The recently announced national account figures for the September quarter saw Australia's GDP (Gross Domestic Product) shrink by 0.5 per cent. This is the result of a fall in business investment (of 9.7 percent in the last 12 months), a collapse in effective demand, reduction in government spending and the decline in the building industry.
The annual growth rate fell from 3.1 to 1.8 percent, this at a time when official interests rates are at an all time low of 1.5 percent. Australian capitalism's economic slump is the result of the long term price deterioration in the country's dependency on exporting commodities.
After the last official recession in 1991 the Australian economy has contracted three more times - in 2000 when the GST was introduced, the 2008 Global Financial Crisis (GFC) and the 2011 Queensland flood devastation. There is no end in sight for the current economic stagnation because investments by business continue to fall, creating a crisis of confidence in the stability of capitalism.
For Treasurer Morrison and business groups the solution is in the mantra of reducing company tax (from 30% to 25%) and government expenditure in the coming years. All this will achieve is a $50 billion tax reduction for corporations with no guarantee that this boost to their profits will revive investment and increase employment.
Contradicting this bourgeois economists then point out that household consumption has fallen since the beginning of this year in Australia and is the major worry for the faltering economy. Capitalist economies have depended on debt-driven household spending to power their growth. In the decade prior to the 2008 GFC household consumption grew 3.95 percent annually, then after the crash it fell to 2.5 percent.
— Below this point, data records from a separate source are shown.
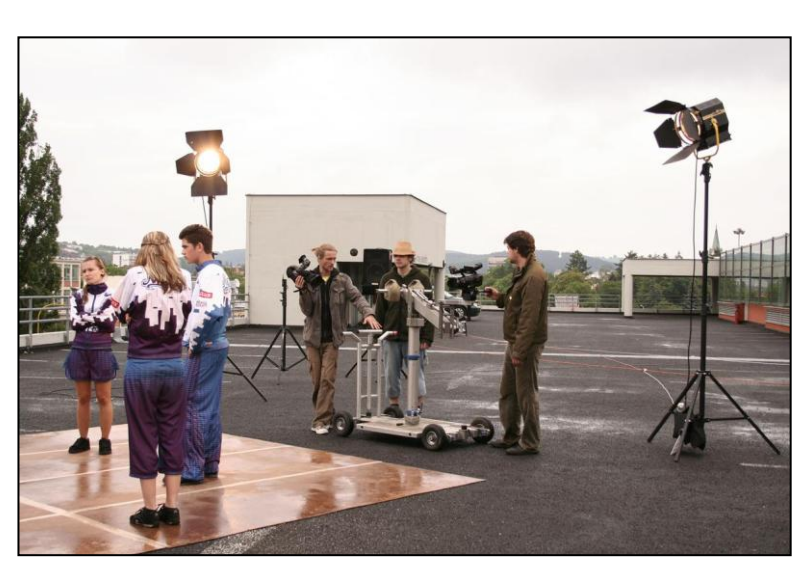
Figure nr. 13 Team photo
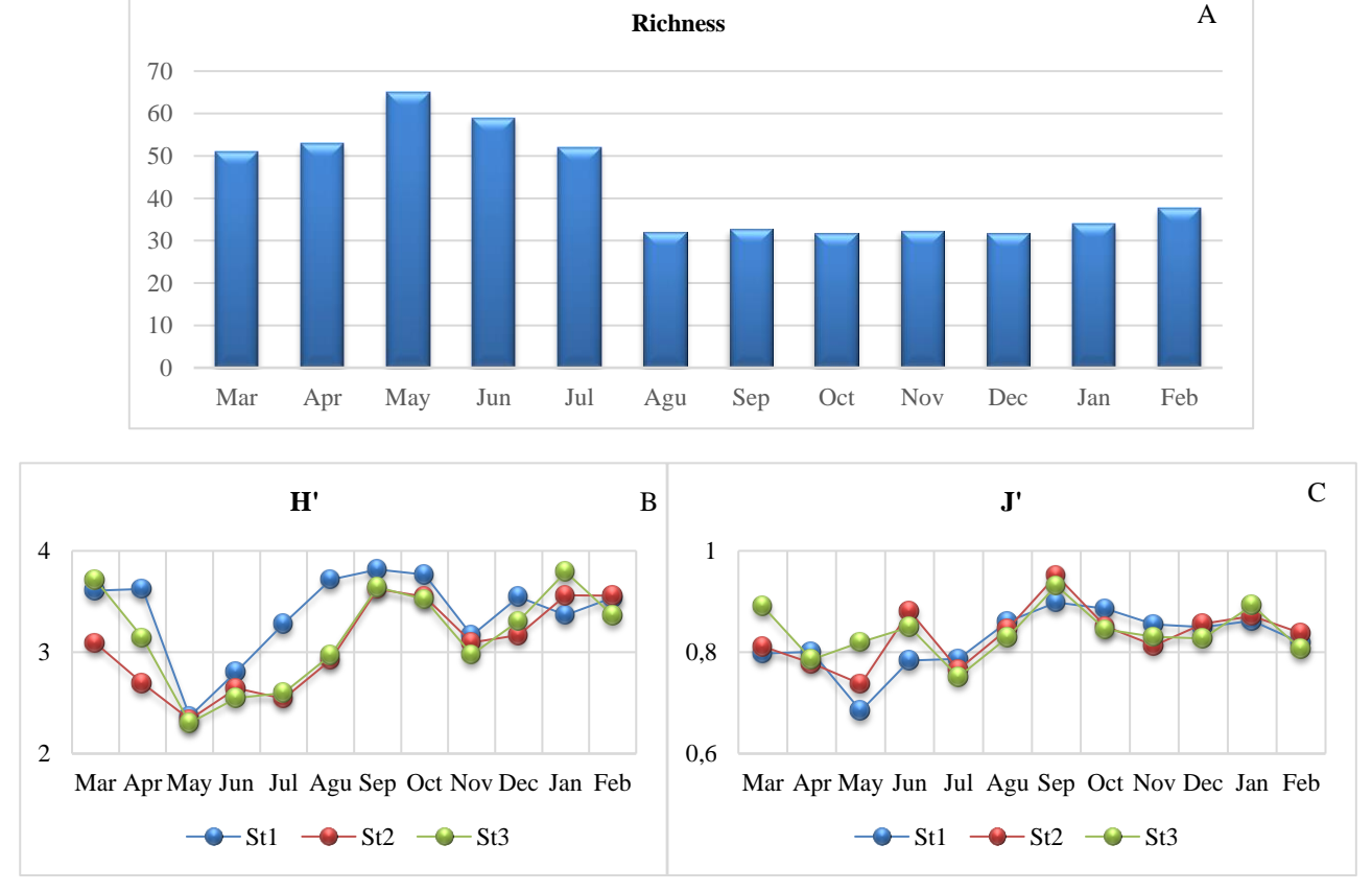
Fig. 2. Graphical representation of A) species richness and B) diversity and C) evenness indexes. The sampling months were given as abbreviations.
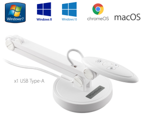
CONNECTIVITY AND COMPATIBILITY
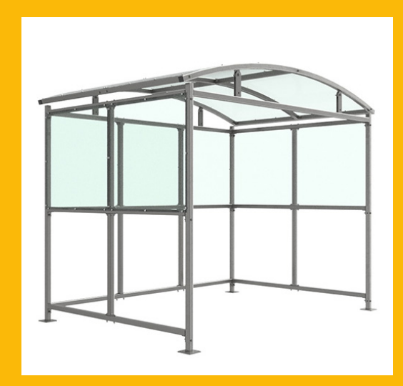
Additional extension bays available to purchase
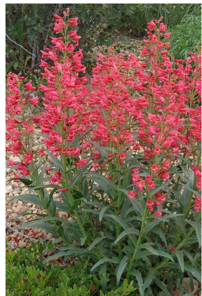
Coral Baby penstemon
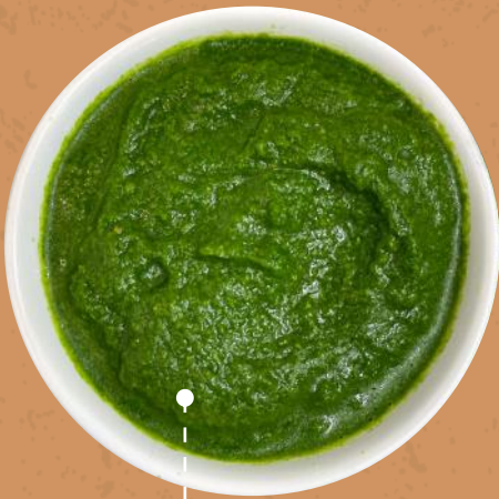
Coriander & Mint Chutney
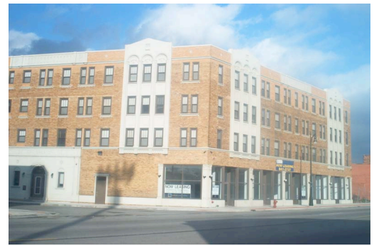
Five Retail/Office Suites along Michigan Avenue.
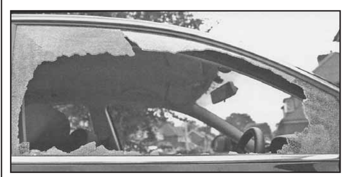
Bev Brown: Neighbors, protecting your valuables is always important — especially around the holidays. Better safe than sorry!

Report suspicious activity, 303-627-3100.
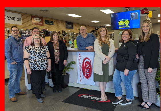
Front Line Public Safety Equipment 1280 South Laurel Rd., Ste. 3
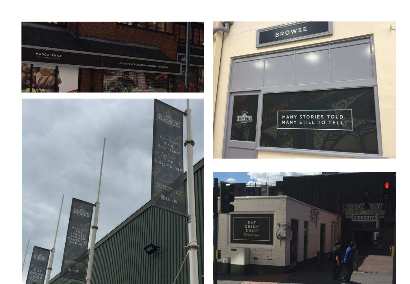
Figure 6.6 above); it is advertised as such outside the market (Figure 6.7) through a gourmetstyle wording and glamourous background aesthetics, with the overall composition recalling the image-branding of the market, including the logo, the minimalist typeface combination, and the slogan "Many stories told. Many still to tell.".
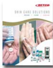
Skin Care Solutions

Not only did we introduce new pieces, we made updates to several of our most popular brochures and sell sheets to help communicate the benefits of Betco's innovations better. Here's a look at a few that were updated:
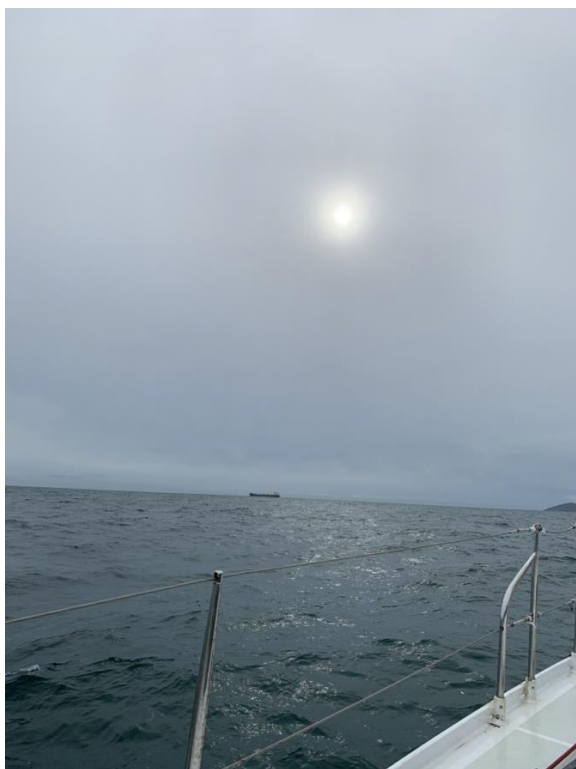
14. Under a Milky Sun

Skipper enjoying fine conditions under milky Sun!
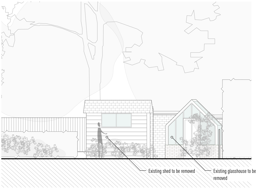
04 - Proposed South-East Elevation Scale 1:100@A3
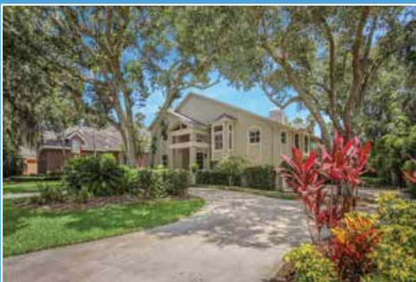
2110 Oak Hammock Drive 4 Bedrooms | 3.5 Baths | 3,110 ± SF Offered at $995,000
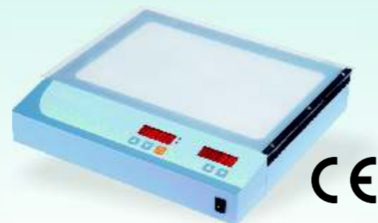
Cat. No. :MG-2131
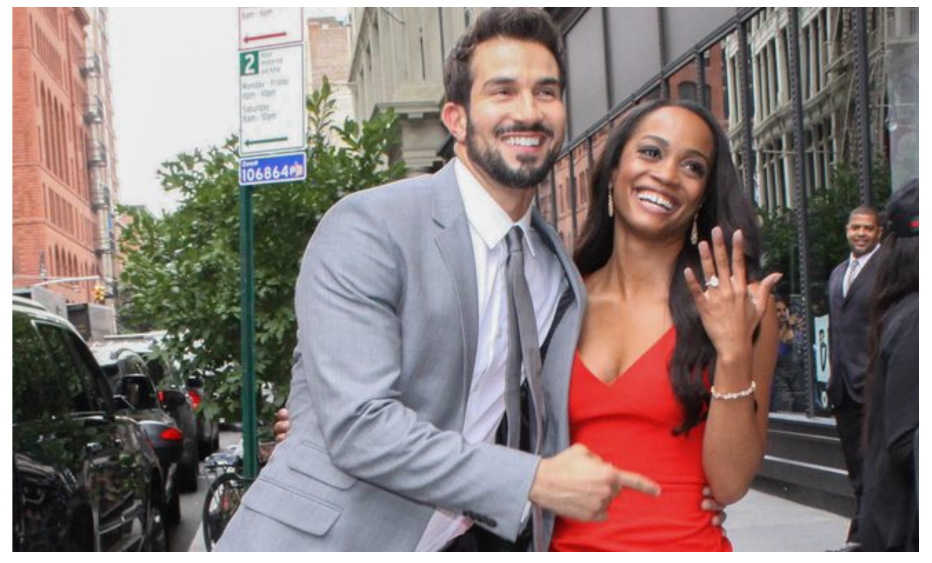
By <u>Haley Lerner</u>

The chances of the Turnball government turning around the budget deficit (currently at $40 billion) to a surplus, by 2021 are next to nil. The credit ratings agencies and finance capital are now threatening a down grade in Australia's triple A credit rating.
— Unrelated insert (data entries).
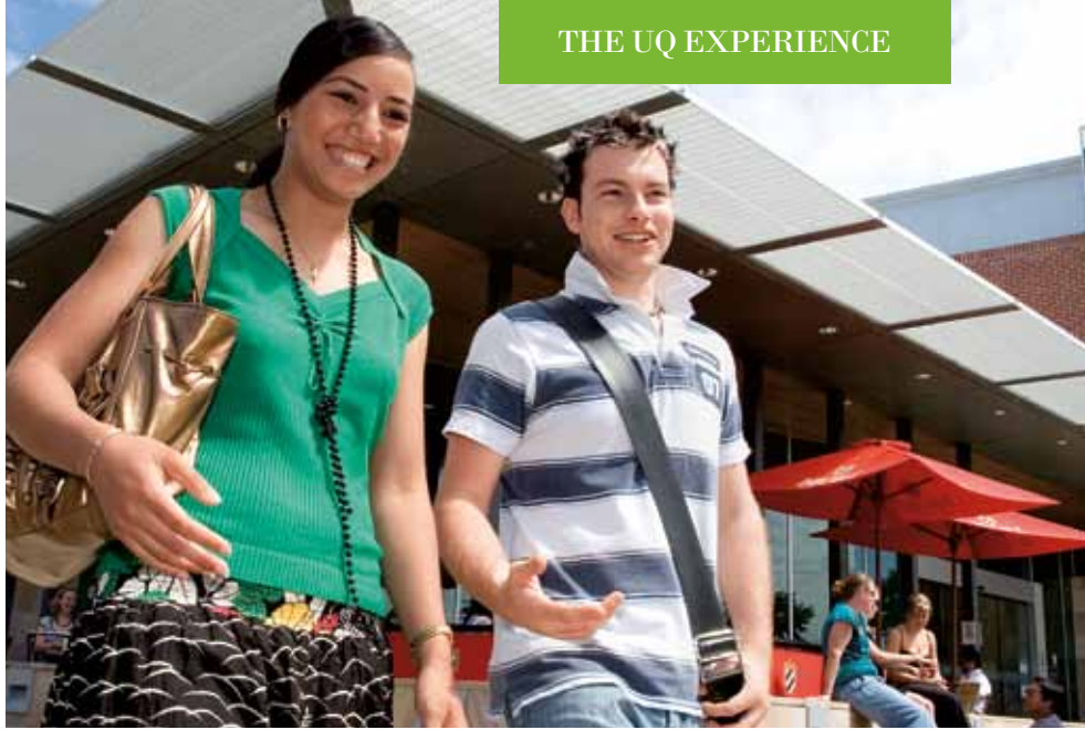
Students outside the award-winning UQ Ipswich Library
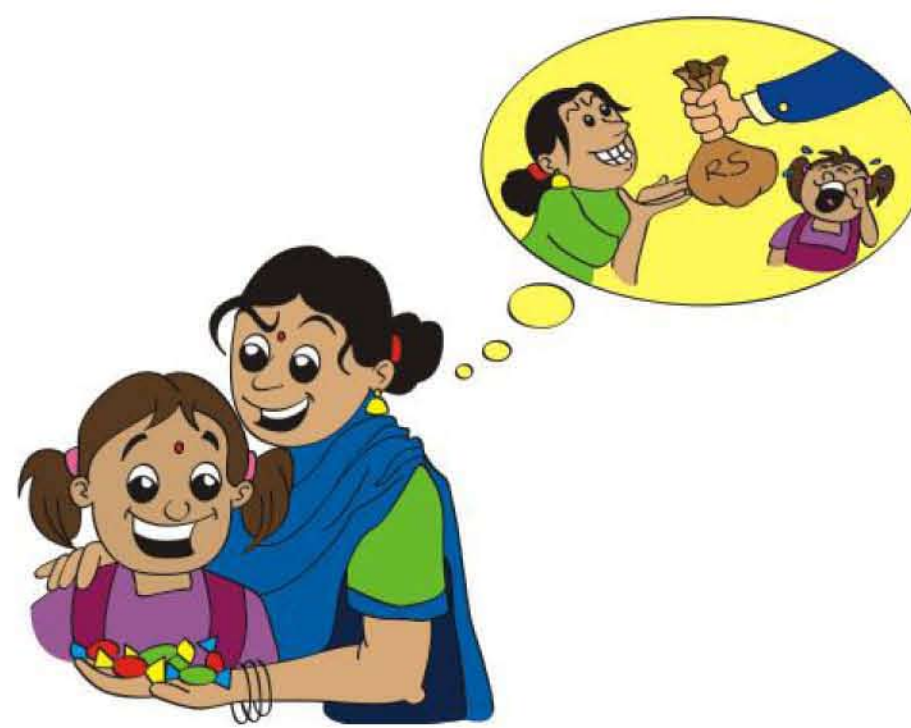
Tricking a child
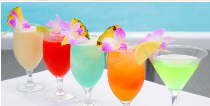
SHE2 Three Star 4
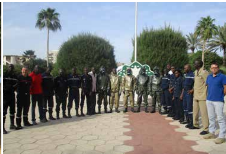
Participants gather as part of a CBRN response demonstration.

carried out in each country to address the legal framework component of the project. The data collected will be used to strengthen the national CBRN legal framework with a focus on developing a coordinated regional approach for strategic trade control, and will include a one-week study visit in Brussels, as well as regional seminars to be organised in the African Atlantic Façade and in the Eastern and Central Africa regions. Regarding the CBRN preparedness and response capabilities component of Project 33, 2015 has seen two national trainings held in each partner country. The main objective of the first session was to train commanders and to put an emphasis on risk analysis, decision making and inter-agency cooperation (between civil protection, firefighters, police, emergency medical services). The training proposed best practices through the presentation of case studies and exercises. From October 2015 to January 2016, a second training session was organised to train first responders likely to respond in the event of a CBRN incident, teaching them how to respond as part of a multi-agency team with priority given to preserving and protecting life as well as minimizing the impact of such an incident. The training was practical in nature, and featured demonstrations of CBRN kits and Personal Protective Equipment as well as outdoors exercises and simulations. Next year will be dedicated to drafting (or improving) National Emergency Plans to be evalu-
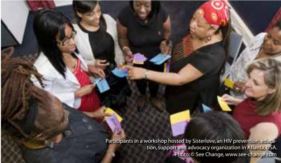
Participants in a workshop hosted by Sisterlove, an HIV prevention, education, support and advocacy organization in Atlanta, USA.
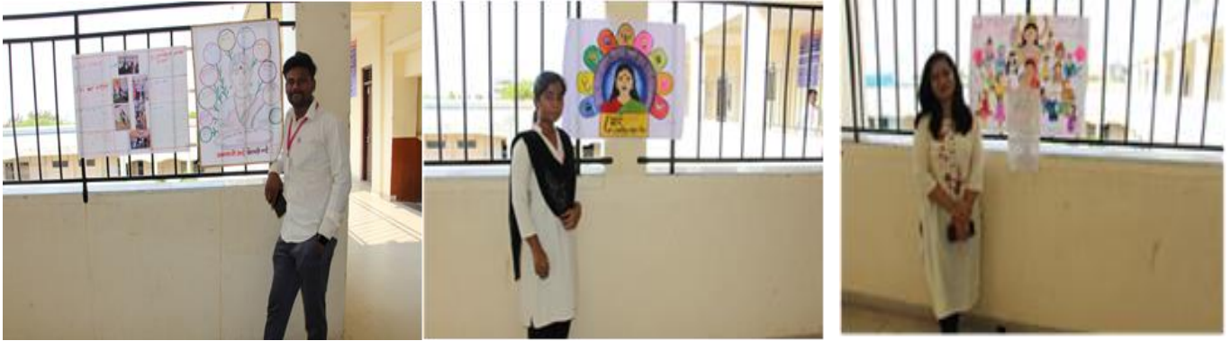
Contestant of Poster Competition On women's Day
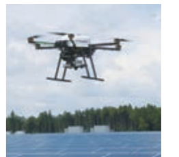
Services that utilize aerial robots to inspect the panels of large-scale solar power installations
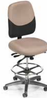
IU77PD Heavy-duty Management Chair
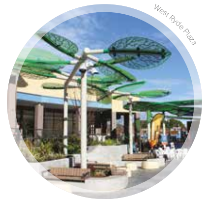
West Ryde Plaza

Key projects delivered by the City of Ryde include:
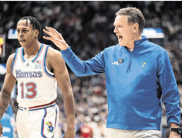
Kansas Jayhawks head coach Bill Self yells out instructions to his team in the second half vs. the UConn Huskies on December 2 at Allen Fieldhouse.
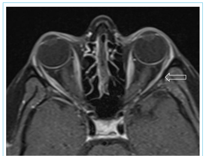
Figure 3. Slight thinning of the left lateral rectus muscle (arrow) on axial T1 fat-saturated post contrast orbital MRI.

Data System). No pathology was observed in cranial CT, diffusion-weighted MR imaging (MRI), cranial MR angiography and venography. Slight thinning of the left lateral rectus muscle was detected in orbital MRI (Figs. 3, 4). In cranial MR imaging, there were non-contrast-enhanced, non-specific, hyper-intense lesions on T2/Flair sequences in periventricular and subcortical deep white matter. The lumbar puncture was performed and CSF's (cerebrospinal fluid) opening pressure was normal (155 mm H 2 O). The CSF was clear, the CSF biochemistry and culture were normal. The oligo clonal band was negative and the Ig G index was normal (0.46). Her CSF PCR for CMV (Cytomegalovirus), EBV (Epstein-Barr virus), VZV (Varicella-zoster virus), HSV-1 (Herpes simplex virus-1) and HSV-2 were negative. Labora-

The day of reckoning demands that huge amounts of capital need to be destroyed
Eventually they will demand a day of reckoning and further austerity measures to be implemented of the severity that has been witnessed in Europe. Despite all the ingenious innovations and productive power of capitalism it has a feature that is its undoing: it suffers from recurring economic crises making it an inherently unstable system.
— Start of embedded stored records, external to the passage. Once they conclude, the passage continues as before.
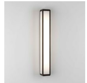
CODE: 1121058 (8291) FINISH: BRONZE

THIS PRODUCT IS SUITABLE FOR ONEROUS ENVIRONMENTS AND CAN BE INSTALLED WITHIN FIVE MILES OF THE COAST - THREE YEAR WARRANTY APPLIES.
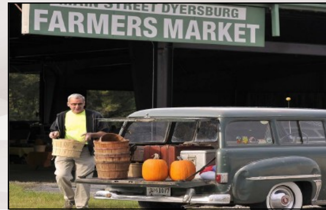
Main Street Farmers Market
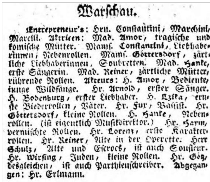
Roster of the German Company in Warsaw in 1782.
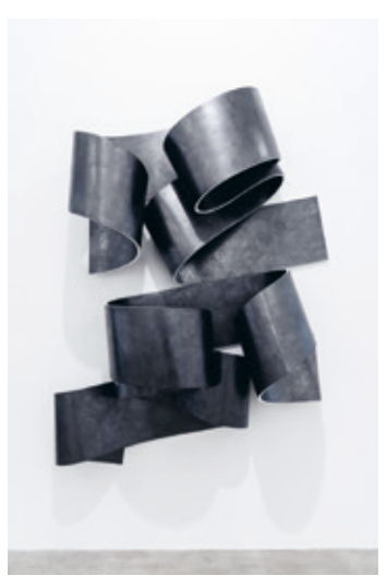
© Wanda Stolle, in between, 2024
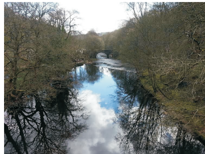
River Calder Hebden Bridge Sirius
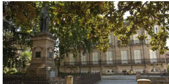
THE PROVINCIAL COUNCIL CULTURAL CENTRE AND PADRE FEIJÓO GARDEN
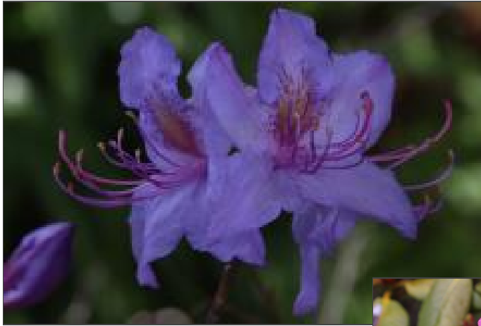
R. augustinii 'Playfair'
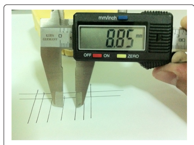
Figure 3 Taking measurements for the spaces in the golden proportion grid.

of 80% and to assess the incidence of the golden proportion of 0.618. One-way analysis of variance (ANOVA) was used to analyse the comparison among ethnics in the golden proportion and golden standards.
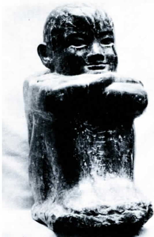
Smiling Boy (stone).
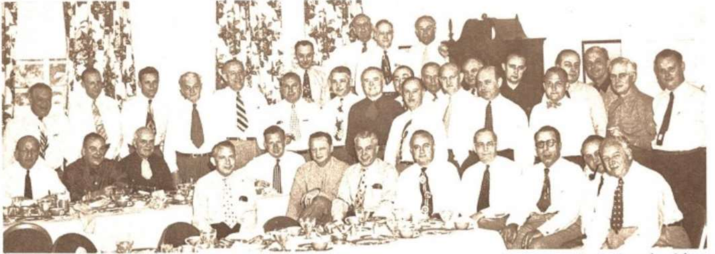
Boy, what a breakfast.

Taken from E. Carl Sorby PM IV GILD Chronicles 1949-1951:
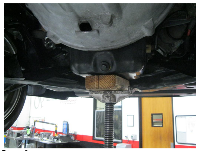
Step 6. Before removing the motor mounts support the engine with a jack.

The world economy is experiencing a long depression due to what Marx explained is the falling rate of profit and a colossal rise in debt. Presently capital is incapable of returning profit rates and has the problem of excess capacity, consequently it cannot get out of this depression. There are essentially two choices for a recovery from the present depression, either through the wiping out of useless investments and assets through bankruptcies, closing down of plants etc to restore the rate of profit which will entail a massive rise in unemployment and misery for those unemployed or by the overthrow of the capitalist system and its replacement by a socialist mode of production (which does not suffer from chronic depressions) whose purpose is to fulfil people's needs.
The current depression which occurred with the GFC in 2008 was detonated by the massive growth of fictitious capital that ultimately disintegrated when the ratio of household prices to household incomes could not sustain real value expansion. However this detonation was not the cause, it was the symptom of the overall cause of the crisis which is the law of the tendency of the rate of profit to fall and accompanied by a crisis of overproduction.
In the history of modern capitalism there have been three depressions. It is important here to make the distinction between recurring recessions or slumps from depressions.
The first being the Long Depression of 1873-97, the second being the Great Depression of 1929-39, and now arguably the third of 2008-? These depressions all began with major slumps: 1873-6 slump started off the Long Depression; 1929-32 slump started off the Great Depression; and the 2008-9 for the current depression.
Depressions are the result of a combination of descending phases in the cycles of capitalism. Each depression occurs when the cycles of technological innovation have reached their completion and flooded the economy. It occurs when commodity prices and world production slide downwards, going from inflation to deflation. It occurs when the cycle of infrastructure investment and construction has declined. It occurs when the rate of profit falls together with excess capacity of production. The combination of these diverse cycles has a pattern of happening once every seventy years.
Each depression never recovers from the economic devastation it causes
Whilst in each of the 1873-97 Long Depression and the 1929-39 Great depression there were both economic decline and some growth, the recovery was never enough to nullify the devastation of the early slump, and further slumps ensued.
In all likelihood the world is in the early stages of a third depression. Predictions are that it will be a long depression and more difficult than a great depression.
As Marx said many years ago the problem of capital is with capital itself. Capitalism may well emerge out of its long depression, however the time of its approaching historical extinction is getting closer.